I need the three colors throughout the entire garment.
I'll try the plastic bags later today. Thanks for the sugggestion.


----------



## Sine (Jun 12, 2011)

You can also use a reusable wine bottle bag. It is like a reusable grocery bag, and it is divided into six sections made to hold six bottles of wine (or six skeins of yarn.) I found mine at the thrift store but you can also find them in grocery or liquor stores.


----------



## redwagon (Aug 25, 2011)

i never considered baggies like some suggest, i use bowls

...6 strands! youre crafty!


----------



## sheriet (Mar 23, 2011)

something to think about...if you knit to and fro you never turn your work and thus the strands of yarn don't get tangled up. Knitting to and fro is just knitting both ways, no purling. I would suggest some practice to get the gauge correct but it sure helps with lots of skeins of yarn


----------



## grannyk (Aug 11, 2011)

I never heard of knitting without turning the project. How do you do that? I usually do my sweaters in the round, even using a steel if necessary, but this backwards knitting sounds intriguing.


----------



## flmgsun (Jul 12, 2011)

sheriet said:


> something to think about...if you knit to and fro you never turn your work and thus the strands of yarn don't get tangled up. Knitting to and fro is just knitting both ways, no purling. I would suggest some practice to get the gauge correct but it sure helps with lots of skeins of yarn


OK newbie here.. "Knit to and fro"? Are you using dpns and not joining for a round? Confused is my middle name by the way..


----------



## Lori Putz (Jul 13, 2011)

I have seen books that will sell you this set up and wondered why anyone would pay for it when it so easy to make. You take a 2 litre pop bottle and take the base cap off. Cut the bottom of the bottle off just lower than the base cap line. Drop the yarn in the bottle with the yarn coming thru the top and place the cap back on the bottle. Place the bottles in a large craft bag and rotate as you knit. 

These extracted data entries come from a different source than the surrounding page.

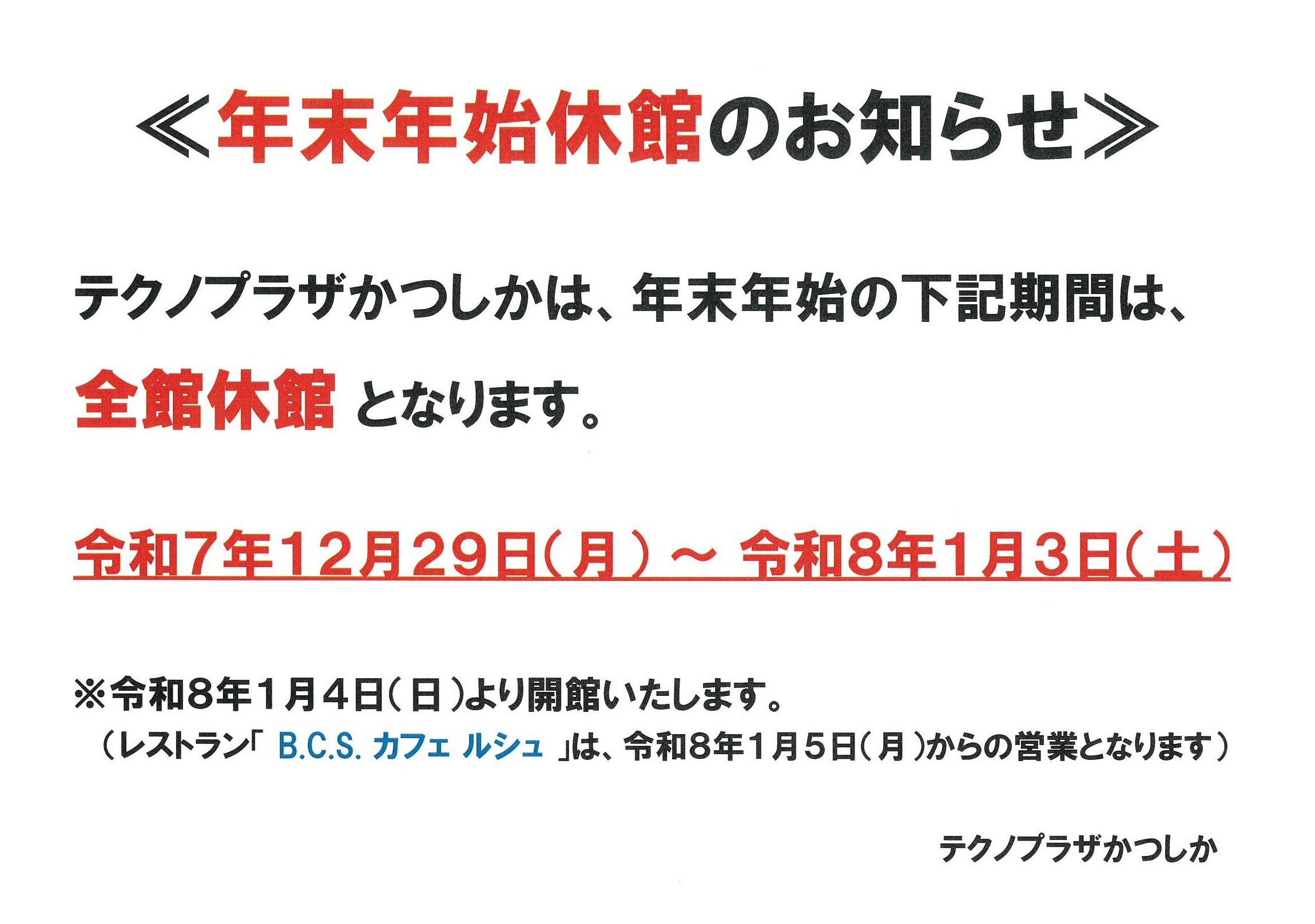 平素よりテクノプラザかつしかをご利用いただきましてありがとうございます。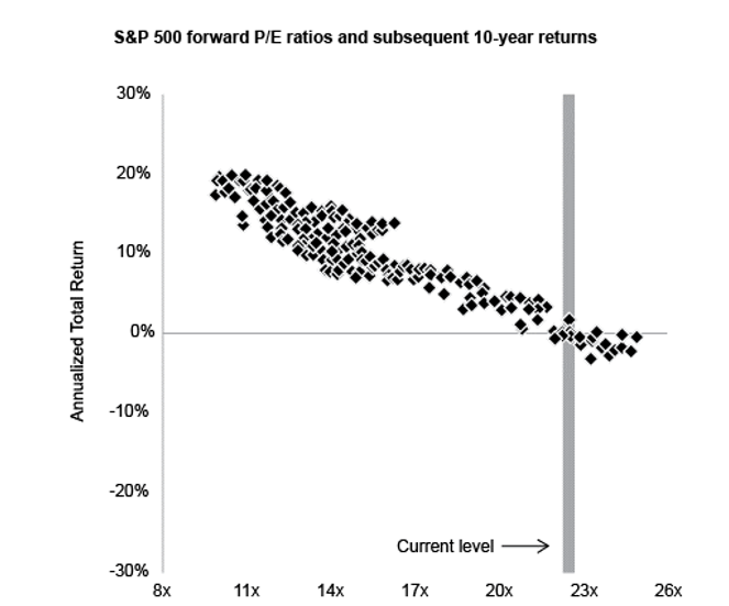 It is important to note that the earnings per share have grown 18% in the same three-year period, with multiple expansion contributing to nearly 40% to the return, with the remainder being dividend income. Following this significant re-rating of earnings, valuation multiples are elevated. The MSCI ACWI trades on a one-year forward PE of 21x and the S&P500 trades on a further premium at 23x earnings. Oaktree Capital’s Howard Marks notes that across 27 years of observations, today’s valuations are in the top decile. At this level, forward returns for investors over the next decade have always been close to zero.
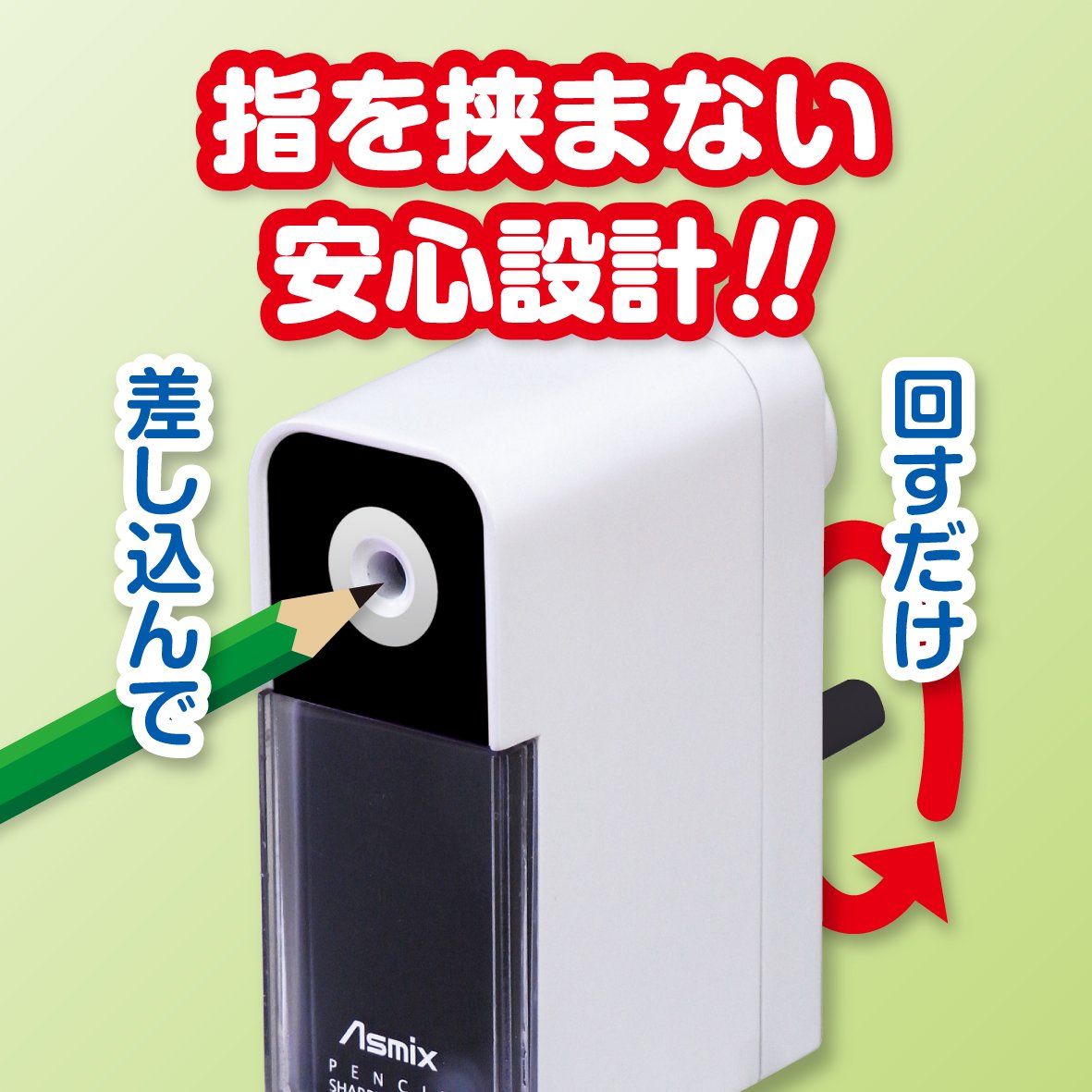 W13.9×D5.7×H13.9㎝ えんぴつを差して回すだけ、指を挟まない安全設計 コンパクトなスリムタイプだから手で押さえやすい 芯先調整機構つきだから、芯の太さが変えられます 切削可能鉛筆:外形8㎜までの木製鉛筆(三角鉛筆可) ダストボックス容量:約215ml/50回(ムダ削り防止機構つき)

My mom, who is crocheting person has told me that she ALWAYS re-winds her yarn into balls before putting it into the bottle so you can avoid knots. A yarn winder would also do.
Just an idea...


----------



## MuffCake (Aug 8, 2011)

If someone can help with this problem, I would sure appreciate it also. My problem is 2 kitties, both of whom think my projects are for their tangling pleasure. Thank you.


----------



## mrssanta (Jan 30, 2011)

I sometimes use clean 2 liter soda bottles.....this will not keep the yarn untangled, but does make it easier to untangle. Just cut off the bottom and tape it back on or cut a hole in the side of the bottle and feed the yarn out of the top.It is easier to move the bottles around to untangle the yarn


----------



## LindaH (Feb 1, 2011)

Might I suggest this product to you? Yes, I am shamelessly plugging yet another KnitPicks item, but I purchased them for some Fair Isle that I want to get to in 2012, and I winded up using them when I had to have 2 separate balls of yarn for this sweater I am attempting to make. They are called yarn bobbins, and you can find them here:

http://www.knitpicks.com/accessories/Knitting_Yarn_Bobbins__DYarnBobbins.html

They come in small, medium, and large, and I really think that they would be great for any project where you have lots of colors that you need to use throughout. Just my 2 cents..


----------



## supergirl6116 (Apr 3, 2011)

I do quite a bit of tunisian crochet and have had as many as 26 small balls of yarn working at once. When changing colors you have to wind the one color around the other. To make it easier I wind the yarn into small balls and put each in a disposable cup and set them all in a box lid on the floor in front of me. I like the suggestions of putting them in ziplock baggies though.


----------



## RuthRoss (Mar 24, 2011)

This works best when you can pull the yarn out from the center of the skein. On many skeins today, you can't do that. I've tried to locate the end of the skein by poking my finger into the center but have not had much luck. That means my balls roll around as the yarn comes off them. If I use a plastic baggie (as I will on this project--I haven't done it yet), I'll have to make sure it's big enough for the skein to roll around in as it unwinds. I really love that yarn that you can pull out from the center of the ball. It stays cleaner and doesn't tangle as much.


----------



## Grandmaof6 (Feb 26, 2011)

It seem that the Kittens need a yarn project of their own. Have you seen the skeins of really fat yarn? You could put some scraps in a large shopping bag with little ends showing to occupy their curious little minds. They usually like to play in shopping bags anyway.....far away from your project...LOL 

Good Luck!


----------



## LEE1313 (Jan 25, 2011)

Sorry I can't help you because I can't help ME!!!!
I just cannot get it right. Pull too tight, wind the wrong way, get so tangled I just screa, YES out loud.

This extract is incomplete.